(Raw data)
---------------

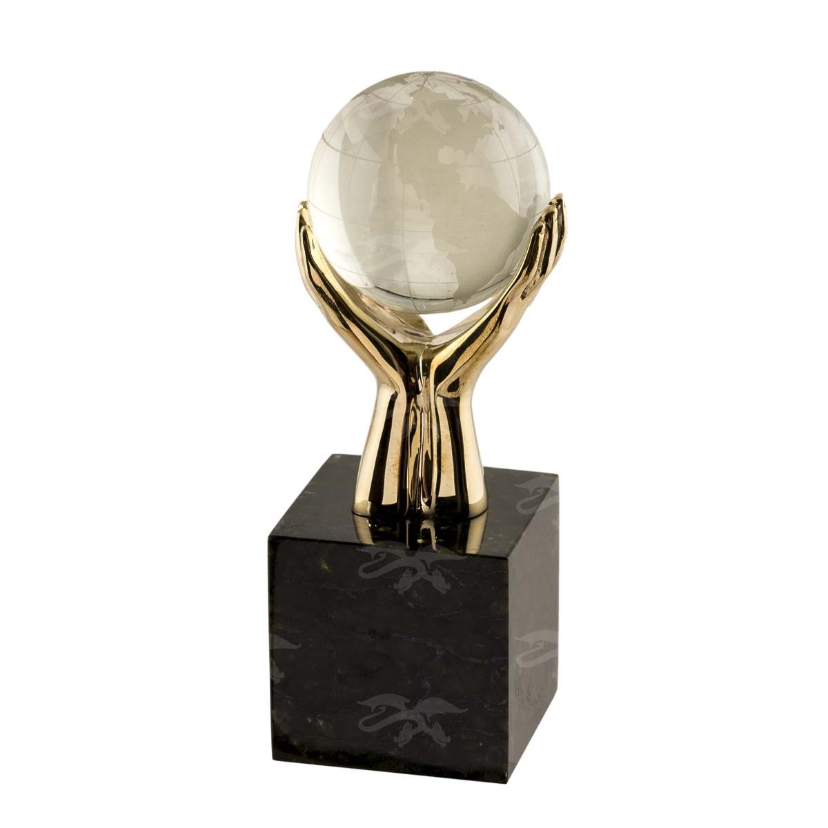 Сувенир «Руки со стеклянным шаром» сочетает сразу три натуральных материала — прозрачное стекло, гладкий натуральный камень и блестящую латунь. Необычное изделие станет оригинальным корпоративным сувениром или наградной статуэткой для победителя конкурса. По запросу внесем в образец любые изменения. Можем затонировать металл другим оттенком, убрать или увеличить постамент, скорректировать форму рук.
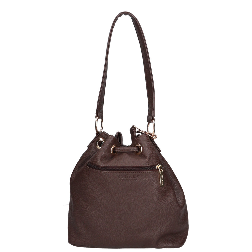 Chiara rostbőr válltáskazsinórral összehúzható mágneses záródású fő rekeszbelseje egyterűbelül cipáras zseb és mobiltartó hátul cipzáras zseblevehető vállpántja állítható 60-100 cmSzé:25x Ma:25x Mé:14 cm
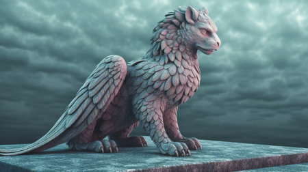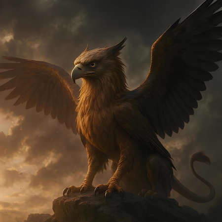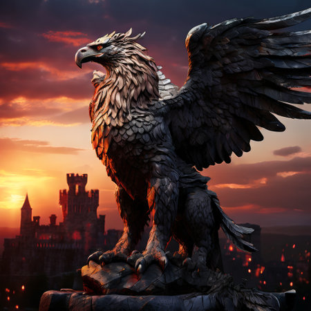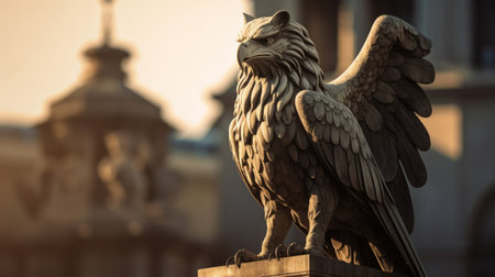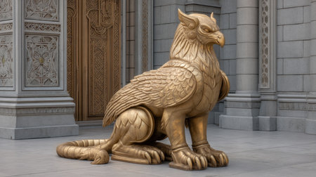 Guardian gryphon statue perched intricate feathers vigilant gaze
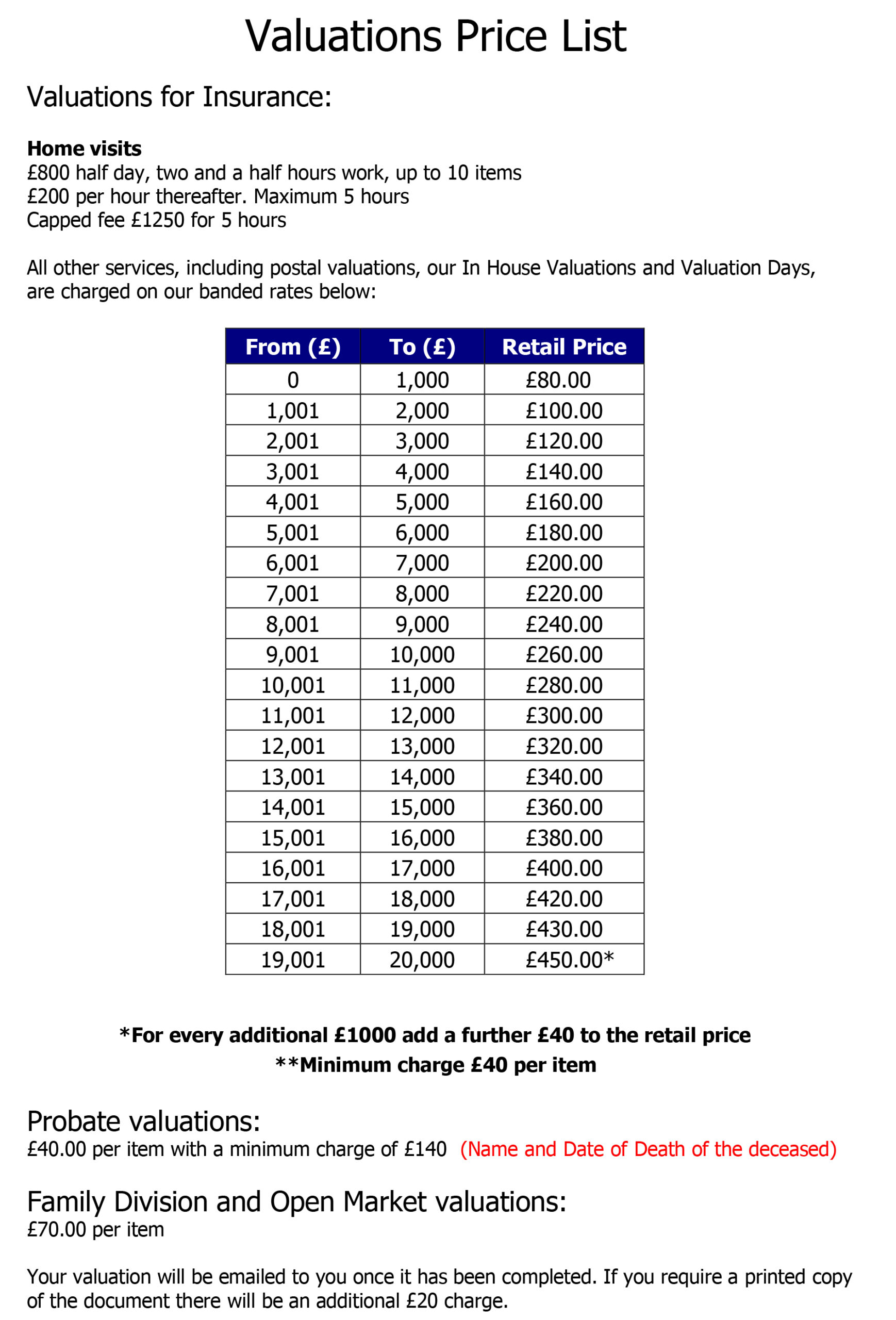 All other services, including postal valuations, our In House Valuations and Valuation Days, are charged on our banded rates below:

---------------

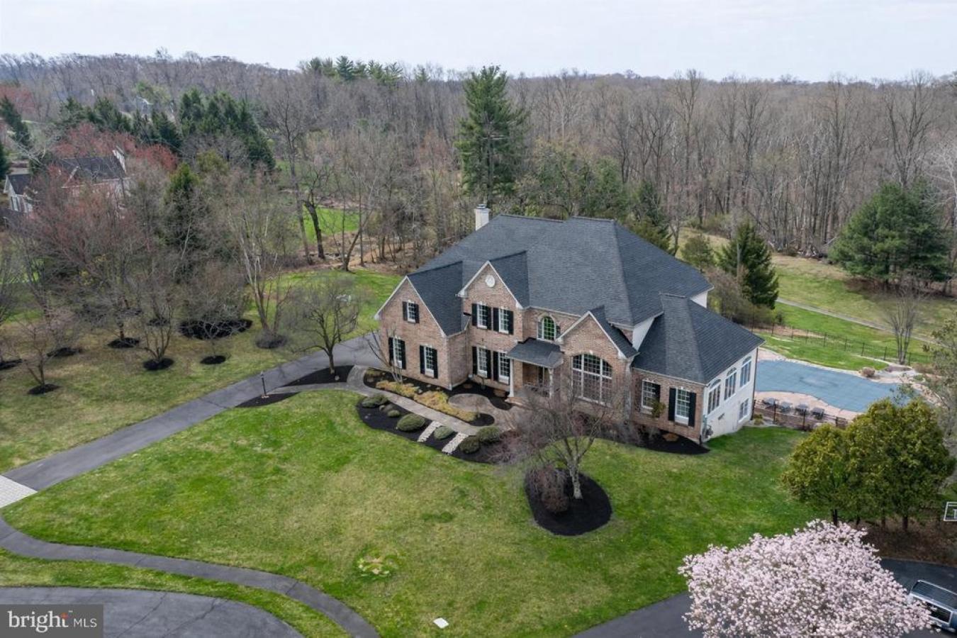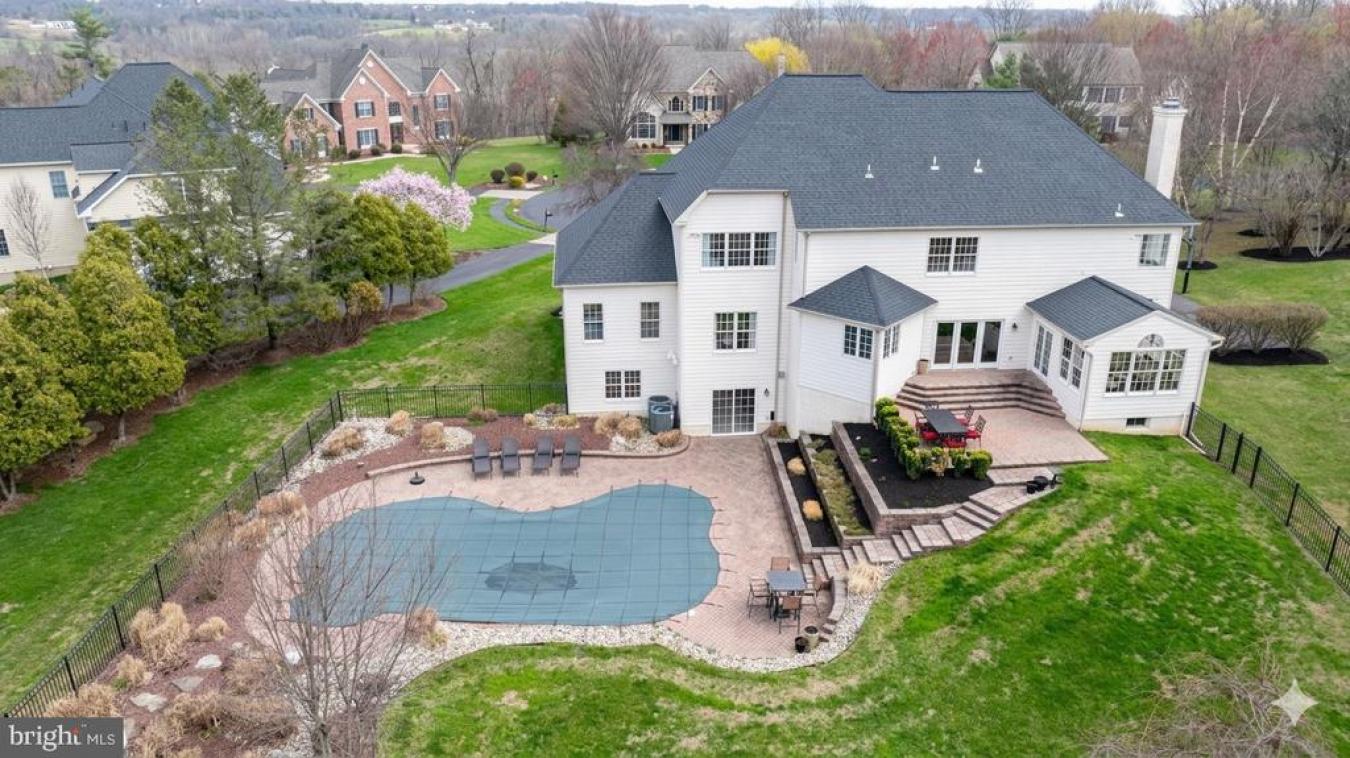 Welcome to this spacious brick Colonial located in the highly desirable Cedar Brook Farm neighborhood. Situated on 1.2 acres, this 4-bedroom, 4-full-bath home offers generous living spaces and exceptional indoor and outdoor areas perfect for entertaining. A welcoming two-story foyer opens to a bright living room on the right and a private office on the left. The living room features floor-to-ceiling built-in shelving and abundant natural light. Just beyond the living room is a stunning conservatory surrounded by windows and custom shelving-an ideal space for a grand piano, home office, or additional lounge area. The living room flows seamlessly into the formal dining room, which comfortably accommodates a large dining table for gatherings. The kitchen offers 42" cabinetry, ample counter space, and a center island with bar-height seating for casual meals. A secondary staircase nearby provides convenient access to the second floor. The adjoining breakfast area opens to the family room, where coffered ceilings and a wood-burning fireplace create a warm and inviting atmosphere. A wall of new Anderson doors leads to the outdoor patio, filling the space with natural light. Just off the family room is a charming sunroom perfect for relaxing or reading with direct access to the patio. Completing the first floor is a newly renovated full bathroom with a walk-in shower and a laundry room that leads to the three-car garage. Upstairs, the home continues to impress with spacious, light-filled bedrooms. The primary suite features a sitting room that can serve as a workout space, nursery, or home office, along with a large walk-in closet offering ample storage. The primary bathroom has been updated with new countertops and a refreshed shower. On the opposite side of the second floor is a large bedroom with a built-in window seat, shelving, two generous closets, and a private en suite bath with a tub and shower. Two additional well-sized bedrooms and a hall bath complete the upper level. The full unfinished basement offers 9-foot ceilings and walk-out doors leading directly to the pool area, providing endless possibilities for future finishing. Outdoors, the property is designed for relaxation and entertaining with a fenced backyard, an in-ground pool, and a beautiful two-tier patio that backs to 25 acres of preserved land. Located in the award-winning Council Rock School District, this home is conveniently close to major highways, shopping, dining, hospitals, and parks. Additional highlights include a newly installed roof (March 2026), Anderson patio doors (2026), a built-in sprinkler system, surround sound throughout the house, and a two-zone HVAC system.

---------------

An exact copy is needed. It runs from the line above containing "скорректировать форму рук." down to the line containing "All other services, including", both included, with no pictures.

 Сувенир «Руки со стеклянным шаром» сочетает сразу три натуральных материала — прозрачное стекло, гладкий натуральный камень и блестящую латунь. Необычное изделие станет оригинальным корпоративным сувениром или наградной статуэткой для победителя конкурса. По запросу внесем в образец любые изменения. Можем затонировать металл другим оттенком, убрать или увеличить постамент, скорректировать форму рук.
 Chiara rostbőr válltáskazsinórral összehúzható mágneses záródású fő rekeszbelseje egyterűbelül cipáras zseb és mobiltartó hátul cipzáras zseblevehető vállpántja állítható 60-100 cmSzé:25x Ma:25x Mé:14 cm
 Guardian gryphon statue perched intricate feathers vigilant gaze
 All other services, including postal valuations, our In House Valuations and Valuation Days, are charged on our banded rates below:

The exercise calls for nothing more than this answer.